_ENTRIES SHOWN_
________________________

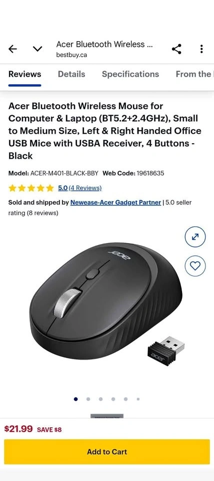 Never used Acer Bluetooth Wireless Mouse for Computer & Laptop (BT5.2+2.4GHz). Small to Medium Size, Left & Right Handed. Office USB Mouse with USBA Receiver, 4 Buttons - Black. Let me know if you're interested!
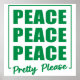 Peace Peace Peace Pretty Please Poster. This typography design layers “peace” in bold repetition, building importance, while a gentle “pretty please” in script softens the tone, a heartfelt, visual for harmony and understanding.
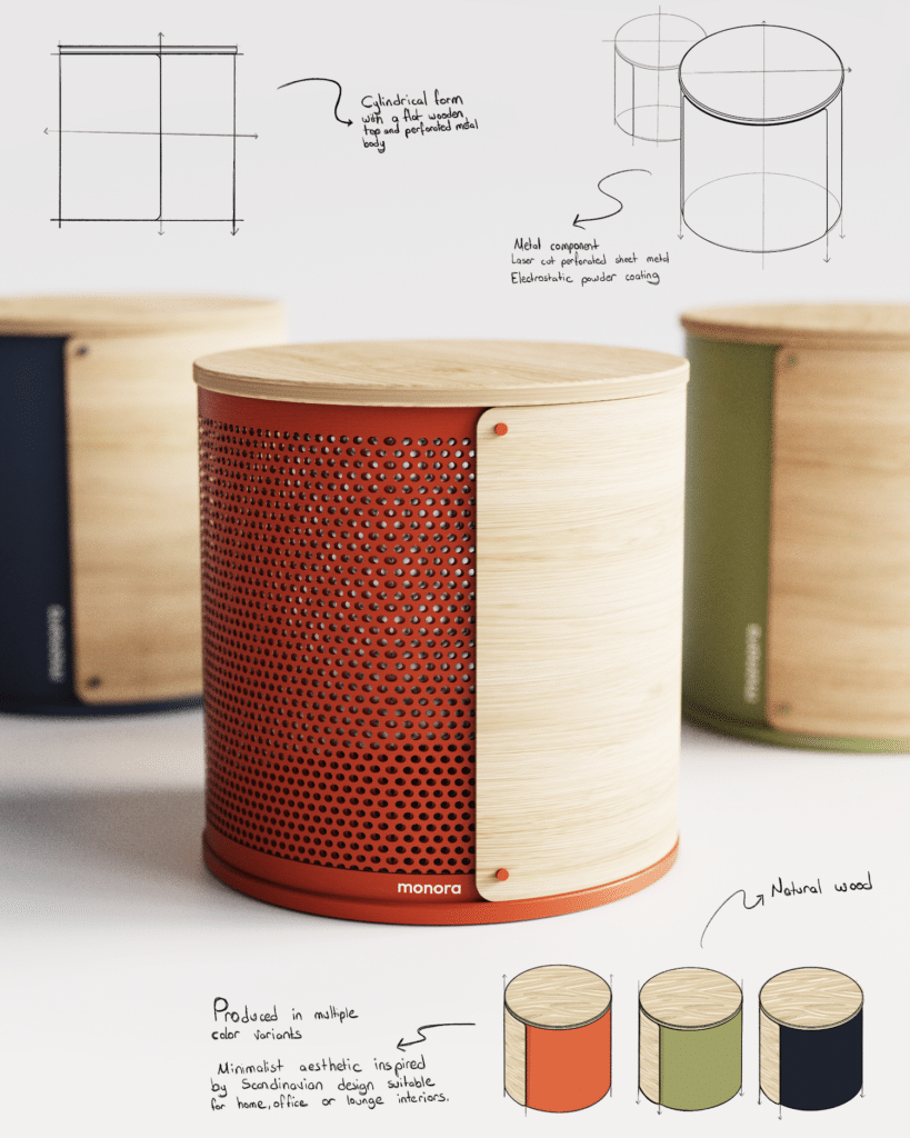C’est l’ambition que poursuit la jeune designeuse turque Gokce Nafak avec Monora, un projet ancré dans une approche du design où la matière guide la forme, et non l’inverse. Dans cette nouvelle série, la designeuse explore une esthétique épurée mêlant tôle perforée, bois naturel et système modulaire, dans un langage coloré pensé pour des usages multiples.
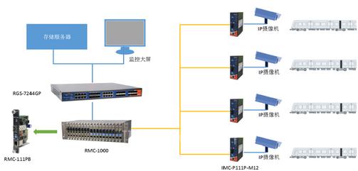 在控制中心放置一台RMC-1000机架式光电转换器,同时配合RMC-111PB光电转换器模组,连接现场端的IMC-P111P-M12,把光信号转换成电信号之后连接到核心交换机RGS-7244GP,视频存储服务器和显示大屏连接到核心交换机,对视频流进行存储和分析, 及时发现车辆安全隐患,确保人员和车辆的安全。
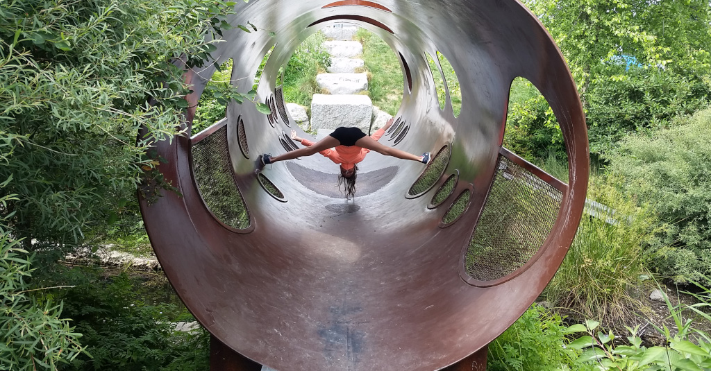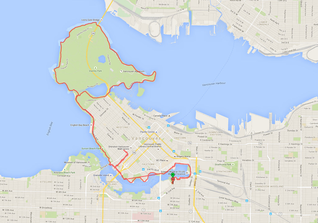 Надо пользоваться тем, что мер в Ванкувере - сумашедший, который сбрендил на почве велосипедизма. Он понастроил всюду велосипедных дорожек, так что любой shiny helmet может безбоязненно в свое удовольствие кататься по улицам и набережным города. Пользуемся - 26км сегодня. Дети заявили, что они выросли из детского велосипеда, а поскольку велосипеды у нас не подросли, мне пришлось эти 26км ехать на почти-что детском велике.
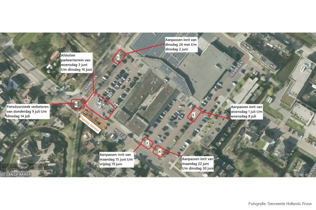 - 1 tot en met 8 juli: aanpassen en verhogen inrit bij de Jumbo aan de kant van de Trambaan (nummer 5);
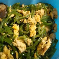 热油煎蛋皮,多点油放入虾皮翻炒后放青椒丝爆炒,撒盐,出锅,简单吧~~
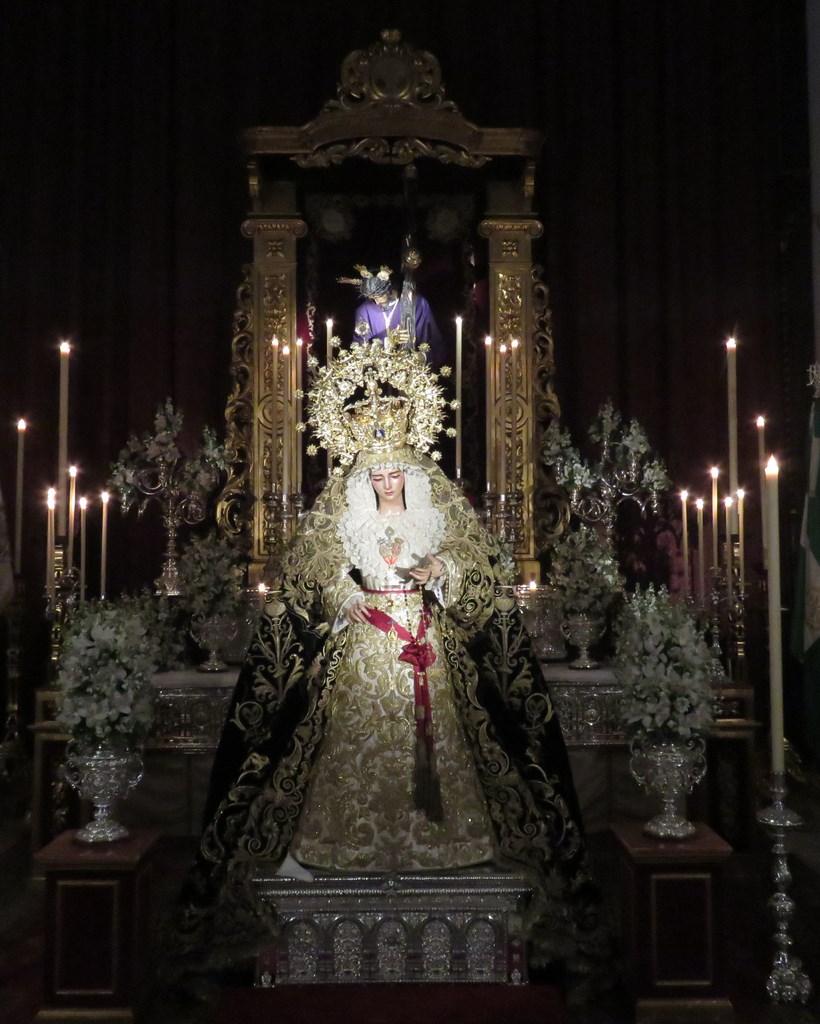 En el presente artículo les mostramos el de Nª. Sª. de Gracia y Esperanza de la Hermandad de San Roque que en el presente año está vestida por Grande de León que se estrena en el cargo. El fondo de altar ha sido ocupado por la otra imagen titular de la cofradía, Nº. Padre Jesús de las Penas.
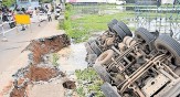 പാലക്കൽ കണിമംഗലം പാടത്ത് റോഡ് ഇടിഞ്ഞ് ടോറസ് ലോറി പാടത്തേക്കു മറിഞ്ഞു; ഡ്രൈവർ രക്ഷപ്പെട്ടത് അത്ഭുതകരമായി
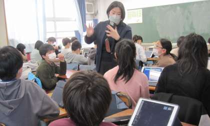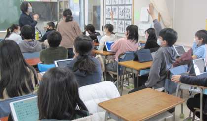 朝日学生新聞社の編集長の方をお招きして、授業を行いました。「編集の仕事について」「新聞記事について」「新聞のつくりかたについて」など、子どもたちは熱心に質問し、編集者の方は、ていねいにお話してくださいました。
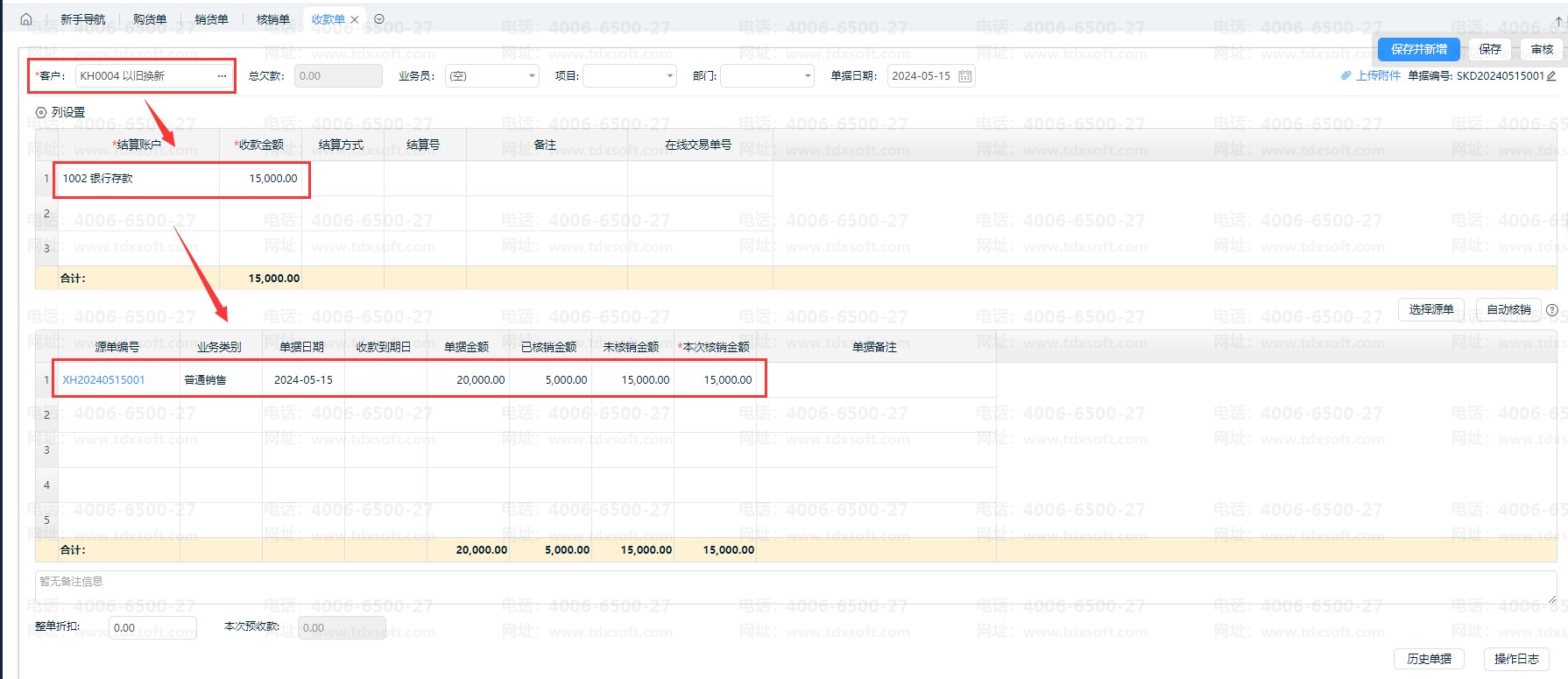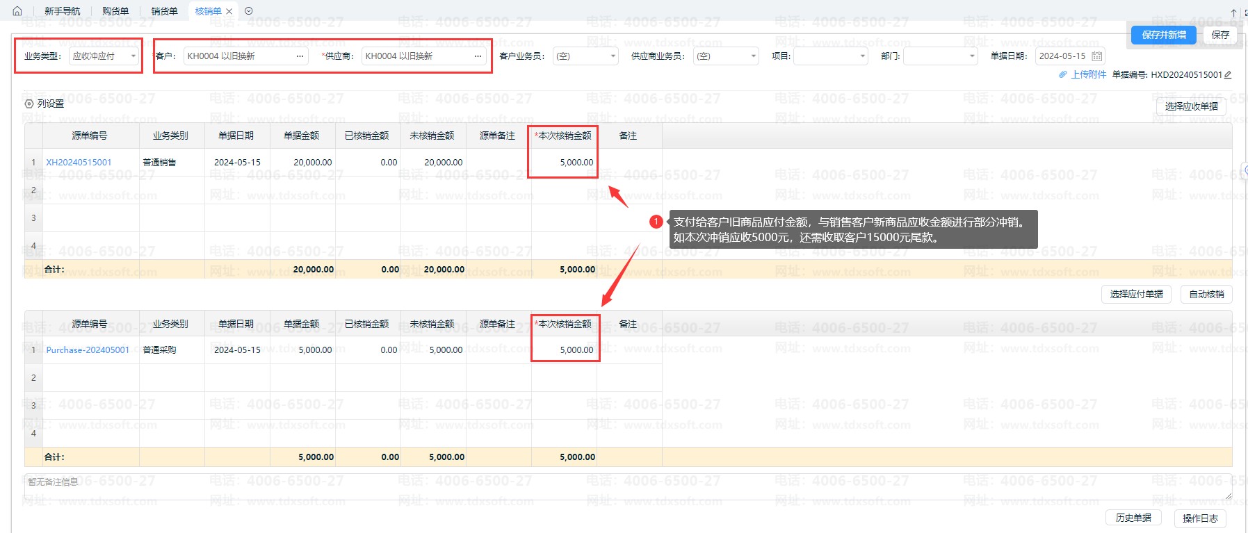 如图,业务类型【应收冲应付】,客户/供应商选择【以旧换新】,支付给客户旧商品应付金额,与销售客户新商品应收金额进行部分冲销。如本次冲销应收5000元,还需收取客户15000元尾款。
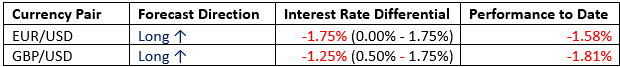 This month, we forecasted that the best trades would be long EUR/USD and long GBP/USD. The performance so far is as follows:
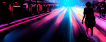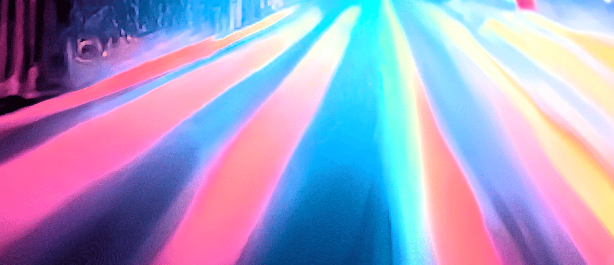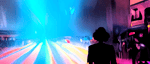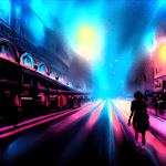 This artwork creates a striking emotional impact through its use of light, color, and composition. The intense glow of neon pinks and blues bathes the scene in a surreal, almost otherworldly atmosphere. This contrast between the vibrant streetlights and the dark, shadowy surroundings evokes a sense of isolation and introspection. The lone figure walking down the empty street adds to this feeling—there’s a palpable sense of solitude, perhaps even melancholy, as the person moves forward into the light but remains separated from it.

________________________

Repeat all of the records verbatim, leaving out the pictures.

_ANSWER SECTION_
 Never used Acer Bluetooth Wireless Mouse for Computer & Laptop (BT5.2+2.4GHz). Small to Medium Size, Left & Right Handed. Office USB Mouse with USBA Receiver, 4 Buttons - Black. Let me know if you're interested!
 Peace Peace Peace Pretty Please Poster. This typography design layers “peace” in bold repetition, building importance, while a gentle “pretty please” in script softens the tone, a heartfelt, visual for harmony and understanding.
C’est l’ambition que poursuit la jeune designeuse turque Gokce Nafak avec Monora, un projet ancré dans une approche du design où la matière guide la forme, et non l’inverse. Dans cette nouvelle série, la designeuse explore une esthétique épurée mêlant tôle perforée, bois naturel et système modulaire, dans un langage coloré pensé pour des usages multiples.
 在控制中心放置一台RMC-1000机架式光电转换器,同时配合RMC-111PB光电转换器模组,连接现场端的IMC-P111P-M12,把光信号转换成电信号之后连接到核心交换机RGS-7244GP,视频存储服务器和显示大屏连接到核心交换机,对视频流进行存储和分析, 及时发现车辆安全隐患,确保人员和车辆的安全。
 Надо пользоваться тем, что мер в Ванкувере - сумашедший, который сбрендил на почве велосипедизма. Он понастроил всюду велосипедных дорожек, так что любой shiny helmet может безбоязненно в свое удовольствие кататься по улицам и набережным города. Пользуемся - 26км сегодня. Дети заявили, что они выросли из детского велосипеда, а поскольку велосипеды у нас не подросли, мне пришлось эти 26км ехать на почти-что детском велике.
 - 1 tot en met 8 juli: aanpassen en verhogen inrit bij de Jumbo aan de kant van de Trambaan (nummer 5);
 热油煎蛋皮,多点油放入虾皮翻炒后放青椒丝爆炒,撒盐,出锅,简单吧~~
 En el presente artículo les mostramos el de Nª. Sª. de Gracia y Esperanza de la Hermandad de San Roque que en el presente año está vestida por Grande de León que se estrena en el cargo. El fondo de altar ha sido ocupado por la otra imagen titular de la cofradía, Nº. Padre Jesús de las Penas.
 പാലക്കൽ കണിമംഗലം പാടത്ത് റോഡ് ഇടിഞ്ഞ് ടോറസ് ലോറി പാടത്തേക്കു മറിഞ്ഞു; ഡ്രൈവർ രക്ഷപ്പെട്ടത് അത്ഭുതകരമായി
 朝日学生新聞社の編集長の方をお招きして、授業を行いました。「編集の仕事について」「新聞記事について」「新聞のつくりかたについて」など、子どもたちは熱心に質問し、編集者の方は、ていねいにお話してくださいました。
 如图,业务类型【应收冲应付】,客户/供应商选择【以旧换新】,支付给客户旧商品应付金额,与销售客户新商品应收金额进行部分冲销。如本次冲销应收5000元,还需收取客户15000元尾款。
 This month, we forecasted that the best trades would be long EUR/USD and long GBP/USD. The performance so far is as follows:
 This artwork creates a striking emotional impact through its use of light, color, and composition. The intense glow of neon pinks and blues bathes the scene in a surreal, almost otherworldly atmosphere. This contrast between the vibrant streetlights and the dark, shadowy surroundings evokes a sense of isolation and introspection. The lone figure walking down the empty street adds to this feeling—there’s a palpable sense of solitude, perhaps even melancholy, as the person moves forward into the light but remains separated from it.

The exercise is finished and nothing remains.